If turbines create problems, put blame on the right parties

By Scott Durant, Fairhaven, Mass
March 14, 2012 12:00 AM
While it is easy for a bystander to view Fairhaven’s turbine situation lightly — like the majority of the town is doing who don’t need to worry about any impacts or don’t believe the potential for problems exists — I ask you to please stop and think for a while and consider how you would feel if the turbines were actually going up near your home. Try to picture their imposition on your life: the constant distraction of seeing the giant blades spinning every minute you spend outside your home, hearing them most of the time day or night, and having trouble sleeping when they are loud. Picture this being inflicted on you with no choice in the matter, and being locked into it because you probably couldn’t sell your house if you wanted to.

Also try to imagine how it feels to have the rest of the town, with the exception of a few, not caring at all about your fear that your happiness could be turned upside down, and probably won’t care if it does happen because it’s not happening to them.

I live about half a mile away from the site and hope, with fingers crossed, that I will be only minimally affected when the wind blows in certain directions, but I feel deeply for those less fortunate who will be much closer to them. It really bothers me that so many people are too cold to share the same compassion for others — it is a demerit to the human race. Ignorance can be forgiven, but not selfishness. Most people who are cheering on the turbines, while hoping to see some benefit for themselves, would, without question, be cheering a different tune if the turbines were being put up near their homes — and they know it.
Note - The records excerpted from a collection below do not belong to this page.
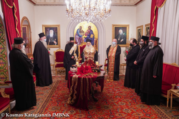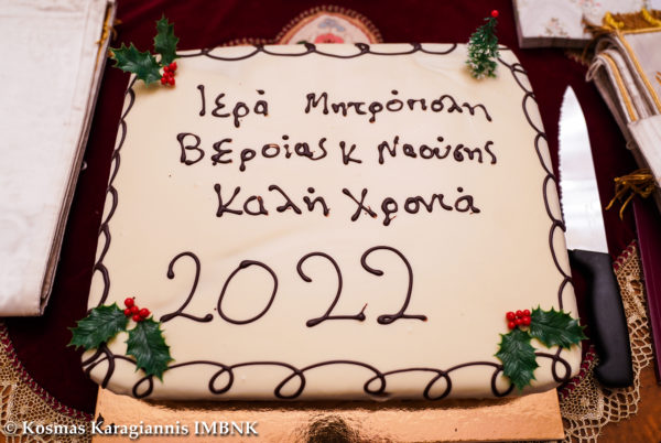Ο Σεβασμιώτατος Μητροπολίτης Βεροίας, Ναούσης και Καμπανίας κ. Παντελεήμων ευλόγησε και έκοψε την πρωτοχρονιάτικη βασιλόπιτα για τους εργαζομένους και τους διακονούντες στα γραφεία της Ιεράς Μητροπόλεως την Παρασκευή 31 Δεκεμβρίου 2021 το μεσημέρι στο Μητροπολιτικό Μέγαρο Βεροίας.
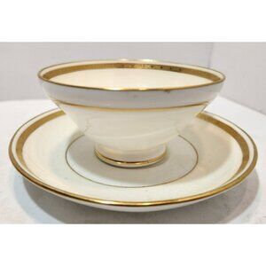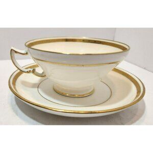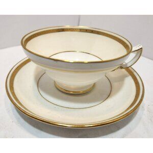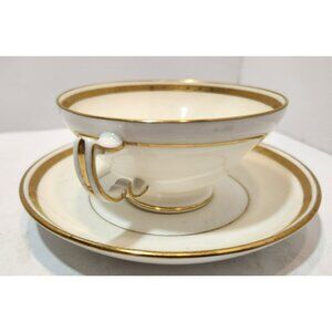 Antique Mintons England Footed Cup & Saucer H3251 Gold Encrusted Band Cream Rim
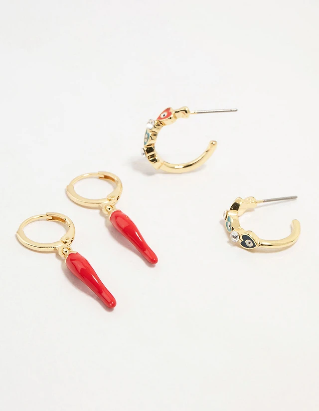 Gold Plated Evil Eye & Chilli Hoop Earrings 2-Pack
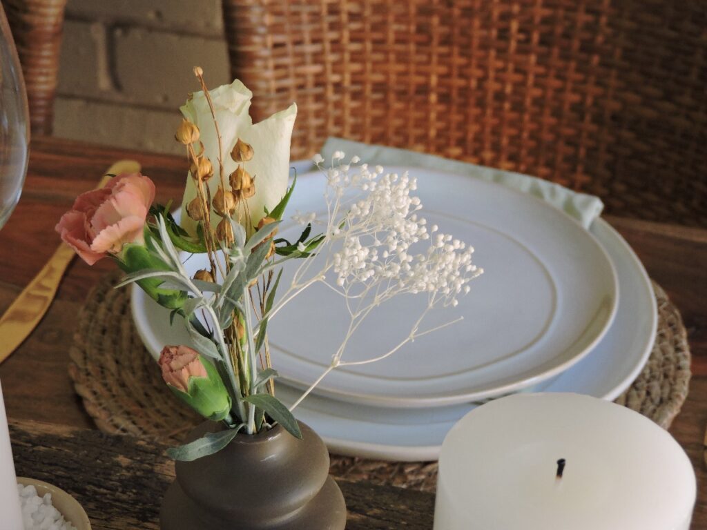 This intimate wedding table setting captures the beauty of simplicity and natural elegance. Neutral tones and soft textures come together to create a warm, inviting atmosphere. Delicate dried florals and soft greenery add a touch of organic charm, perfectly complementing the rustic wooden elements and woven details. The minimal yet thoughtful floral accents bring a sense of calm sophistication — ideal for a couple who loves understated beauty and timeless style.
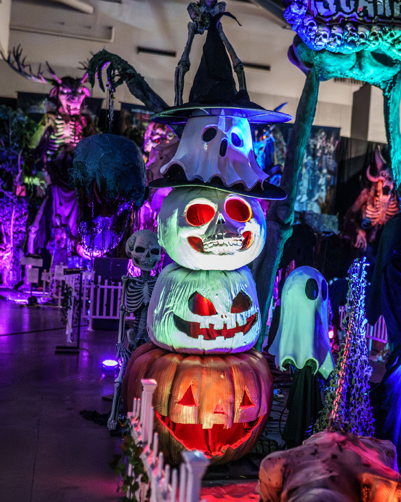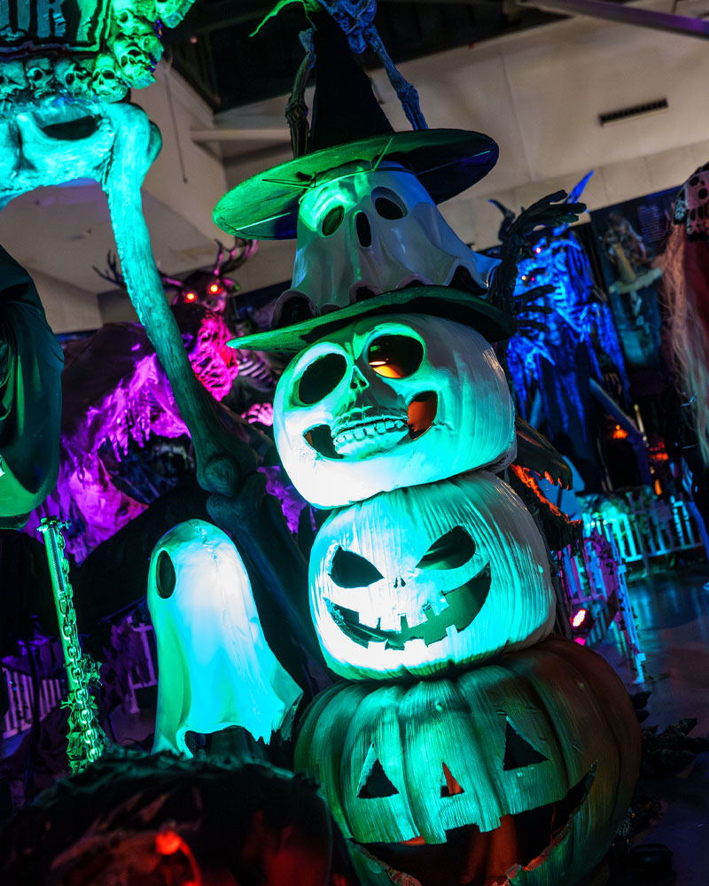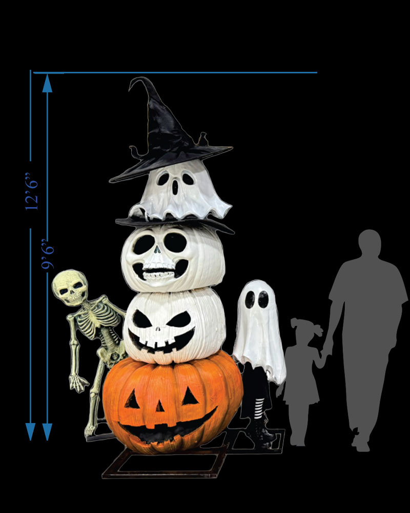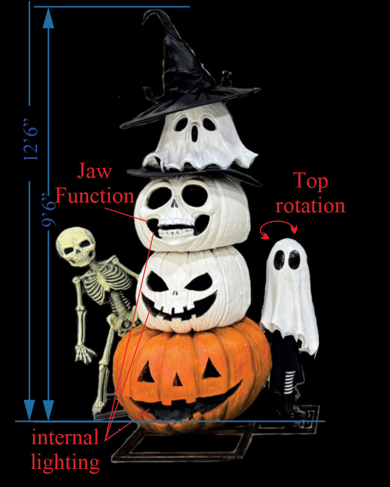 Stacked (4) characters tall this array of whimsical spooky Halloween characters creates two interconnected columns supporting a large laser cut sign between them. Guests are encouraged to walk in between and thru them, triggering the characters to come to life, speak and become animated to the delight of guests young and old.
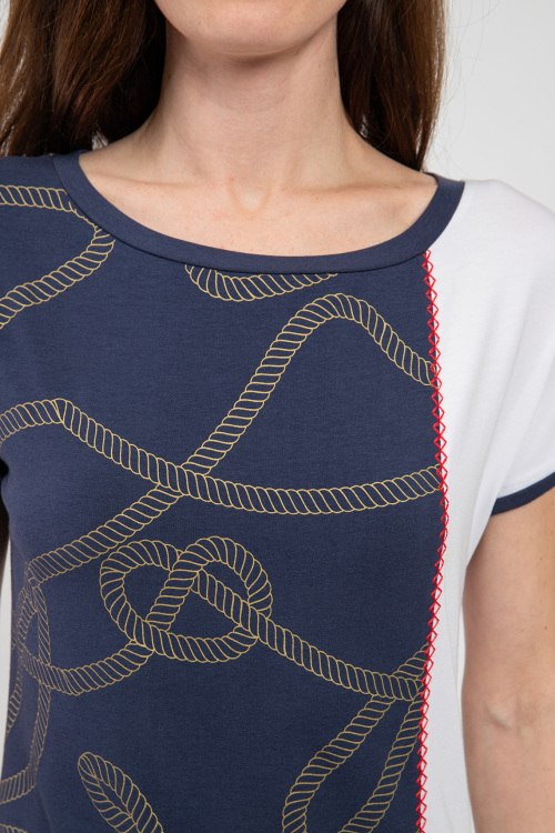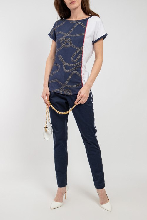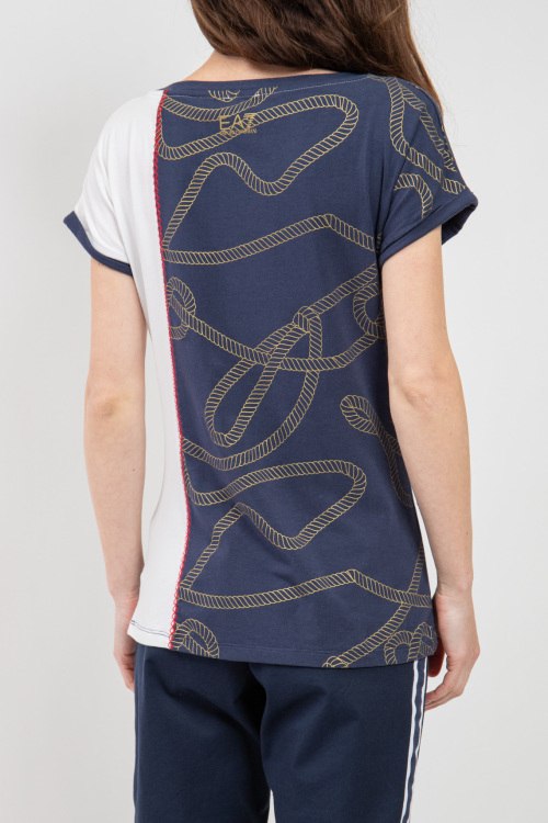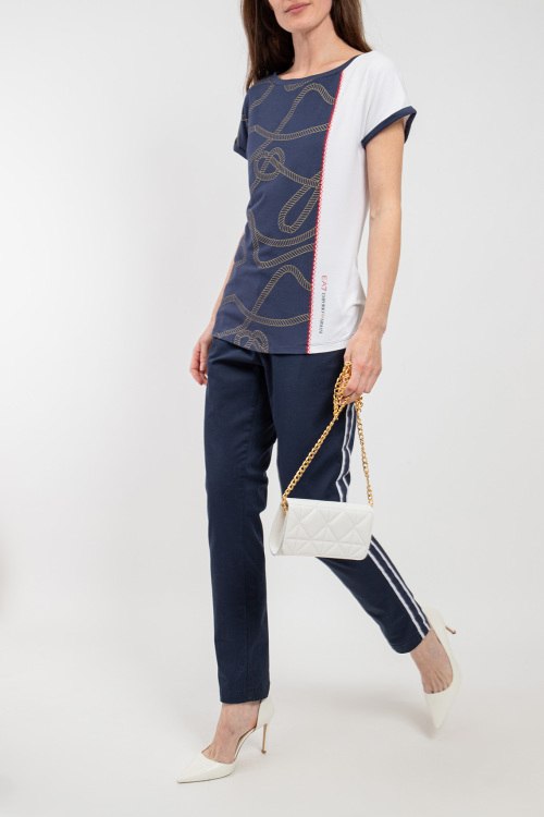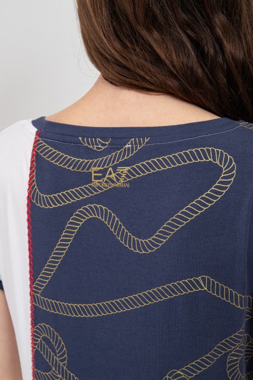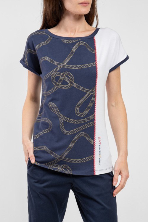 Женская синяя футболка из хлопка и модала от Armani (Армани). Классическая длина, круглый вырез горловины, короткие рукава, комбинация цветов, дизайн с принтом, логотип бренда.

This, I am certain of.

When I arrived at the blade signing, I noticed far more luxury SUVs and sport trucks than fuel efficient vehicles parked for the event, while people talked to reporters about “how much we need to conserve and look for alternatives” (“Sign of the times: Proponents, protesters attend signing of Fairhaven’s turbine blades,” March 11). Am I out of line in saying that at least some of these people are hypocrites?

This town has been tragically divided. Though a small group is the most active, there are hundreds of people opposed to the project, contrary to what Selectman Brian Bowcock would like you to believe. Whether it gets better or worse, I guess, is up to the turbines themselves. Personally, I am trying hard to keep an open mind for my own sake, so that if I am bothered by them, I’ll know it is for real. If the turbines don’t affect anybody, I have nothing against them being there. If they do affect nearby people, there is a fair chance it will be many people — possibly enough to cause them to be stopped and brought down.

This is a risk the selectmen and the developers took when they put them too close to a community. If this all turns out to be a disaster, it will clearly be their fault, not ours. If this does happen, I can only hope the townspeople would see that and throw the blame in the right direction, rather than strenghtening the divide and adding to the damage themselves by blaming the innocent.